By submitting the Purchase Order, each of SAF’s customers agrees to resolve their dispute(s) with SAF on an individual basis. No customer or group of customers may participate in or bring a class, consolidated or representative action against SAF in court or elsewhere. Class arbitrations, class actions and private attorney general actions are prohibited by these Terms.

 

The United Nations Convention on Contracts for the International Sale of Goods is expressly excluded and is not applicable to these Terms or any Products associated herewith.

DISPUTES & APPLICABLE LAW (ALL OTHER COUNTRIES)

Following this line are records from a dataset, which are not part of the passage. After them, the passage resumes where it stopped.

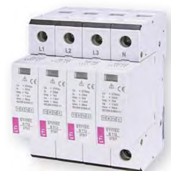
ETITEC В Т12 275/7 4+0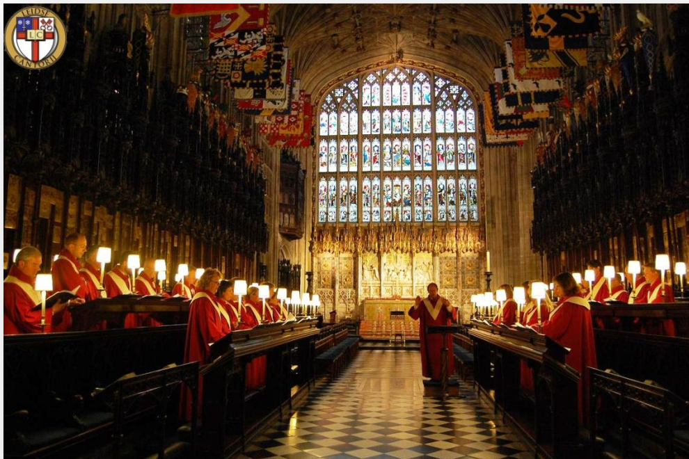
De Leidse Cantorij in St. George's Chapel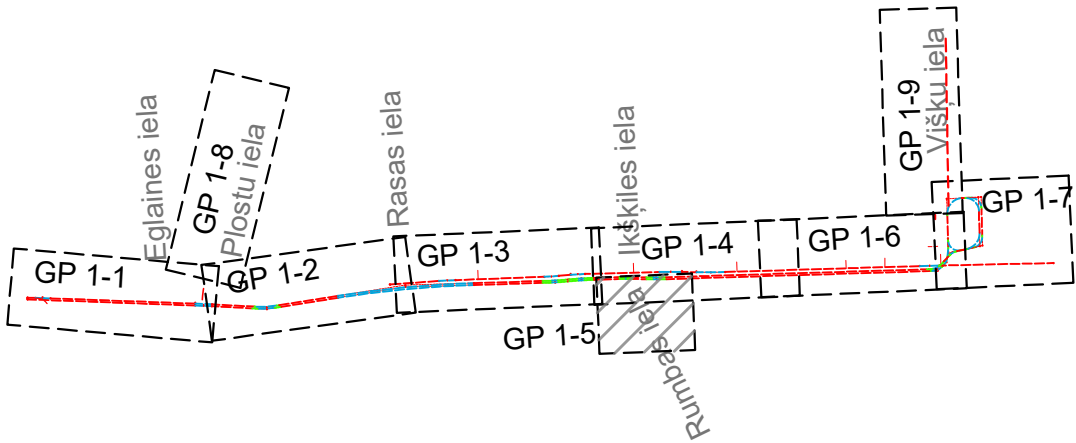
Lapu izkārtojuma shēma: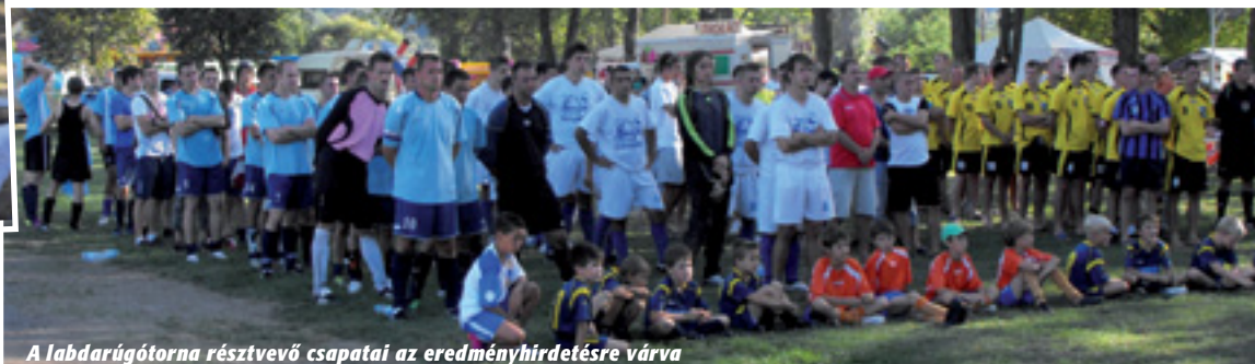
A labdarúgóturna résztvevő csapatai az eredményhirdetésre várva

Az augusztus 20–21-i rendezvény keretén belül – Isaszeg történetében először – nemzetközi felnőtt labdarúgóturna vette kezdetét, amelyen Zselíz, Kishegyes, Bojanów csapatai és az Isaszegi SE baráti mérkőzései tették emlékezetessé a centenáriumot.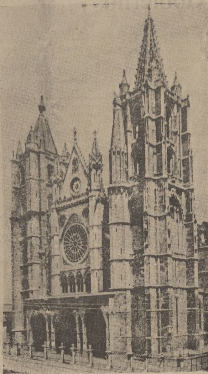
La Catedral de León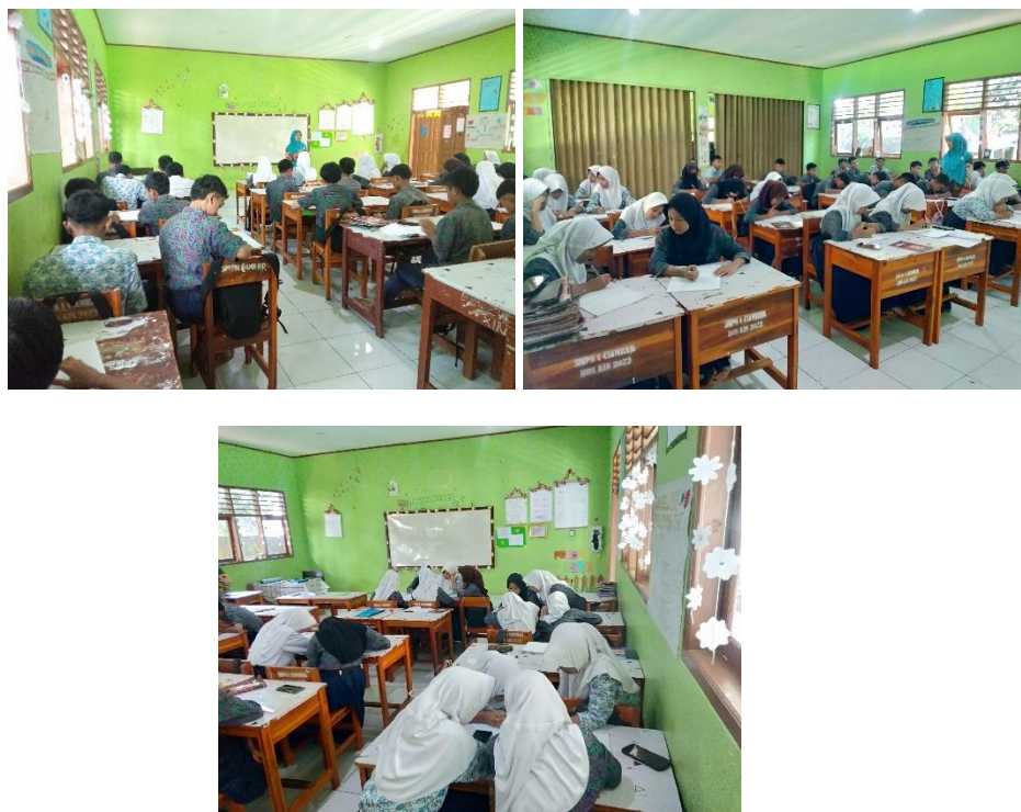
Gambar 1. Kegiatan Pembelajaran

Segala sesuatu harus ditujukan pada perkembangan siswa, bukan pada kepuasan diri sendiri guru dan pihak berkepentingan lainnya. Ketika siswa menggunakan LKPD untuk meningkatkan aktivitas belajarnya, maka siswa akan semakin ingin tahu terhadap apa yang diajarkan, sehingga siswa akan lebih mudah merasa ingin tahu dan fokus terhadap apa yang dipelajarinya. Semakin penasaran siswa, secara tidak sadar mereka akan semakin fokus pada proses pembelajaran (Kemendiknas, 2010) (Sasomo & Faizatul, 2024). Peneliti mengamati bahwa dalam pembelajaran siswa terdorong aktif dalam diskusi kelompok dalam kelas, ini cukup efektif untuk meningkatkan minat belajar siswa.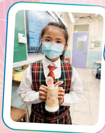
二年級學生自製玩具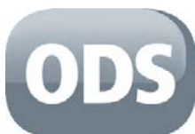
Sistema di controllo ossigeno

Le stufe a gas Qlima sono efficienti e silenziose, non necessitano di ventola per la distribuzione del calore.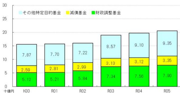
■積立金現在高の推移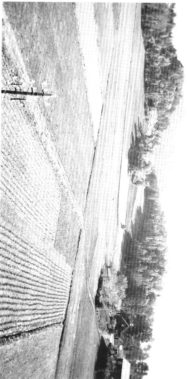
Vormli ca. 1925.

Vormli-gårdene ligger som i et basseng med Vormlimyra midt i. Myra var ikke dyrkbar før en kom på slutten av 1700-tallet og lærte drenering, og var i beste fall et beiteareal. Det var bakkene på sidene en hadde å holde seg til. Tidlig på 1600-tallet ser det ut til at det er bare én oppsitter på gården, men på slutten av 1600-tallet er den delt

For all customers outside of the United States, these Terms and any sales pursuant to them shall be governed by and construed in accordance with the laws of Latvia and shall be resolved by binding arbitration of the Latvian Chamber of Commerce according to it’s rules conducted in Riga, Latvia. Any such arbitration shall be presided over by a single arbitrator and conducted in English. The arbitrator’s decision shall be binding and enforced as a final judgment in accordance with applicable law. The prevailing party in any dispute concerning these Terms shall be entitled to a reimbursement for all of their arbitration and court costs (if any) and any enforcement-related expenses including, but not limited to, its reasonable attorney’s fees.

 

The United Nations Convention on Contracts for the International Sale of Goods is expressly excluded and is not applicable to these Terms or any Products associated herewith.

TIME FOR FILING

Any arbitration filed pursuant to these Terms must be commenced within one year of the date the party asserting the claim knew or should have known of the act, omission, or default giving rise to the claim in question; there shall be no right to any remedy for a claim filed outside of this time period. If applicable law prohibits a one-year limitation, all claims must be asserted within the shortest time period permitted under applicable law.

MISCELLANEOUS

Nothing in these Terms shall be construed to create a partnership, joint venture or other agency relationship between SAF and its customers.

 

Each person submitting a Purchase Order to SAF represents they have authority to effect the sale proposed therein and bind the proposed buyer to these Terms. When the proposed buyer is a legal entity, the individual submitting the Purchase Order represents they have obtained all prior authorizations and approvals necessary to complete the sale proposed in their Purchase Order.

 

Unless they are superseded by a written agreement, these Terms constitute the complete and exclusive agreement between SAF and its customers and supersede all prior or contemporaneous agreements, communications or understandings, whether written or oral, regarding the same subject matter.

 

Any delay in enforcing these Terms shall not be deemed a waiver of future enforcement. No waiver or amendment respecting these Terms shall be enforceable unless they are in writing, and a written waiver shall only be effective for the subject matter it describes.

 

SAF shall not be responsible for any delays or failures arising out of causes beyond their control. Such causes may include, but are not restricted to, acts of God or of the public enemy, fires, floods, epidemics, riots, quarantine restrictions, strikes, freight embargoes, earthquakes, electrical outages, computer or communications failures, severe weather, and acts or omissions of subcontractors or third-parties.

 

All notices, requests, demands, directions and other communications required by these Terms shall be in writing and directed to the individuals at the address named in the Quote or Purchase Order. Any notice sent pursuant to these Terms shall be deemed to have been duly given upon receipt if delivered in person, by overnight courier service or electronic mail (if receipt is confirmed) and upon the earlier of receipt or five days after mailing if sent by registered or certified mail.

 

Should any part or portion of these Terms be deemed invalid, such part or portion shall be revised in a manner that renders it enforceable to the full extent permitted under applicable law. If any part or provision cannot be revised and is stricken, all remaining parts or portions shall continue in full force and effect as if these Terms had been written without the invalid part or portion.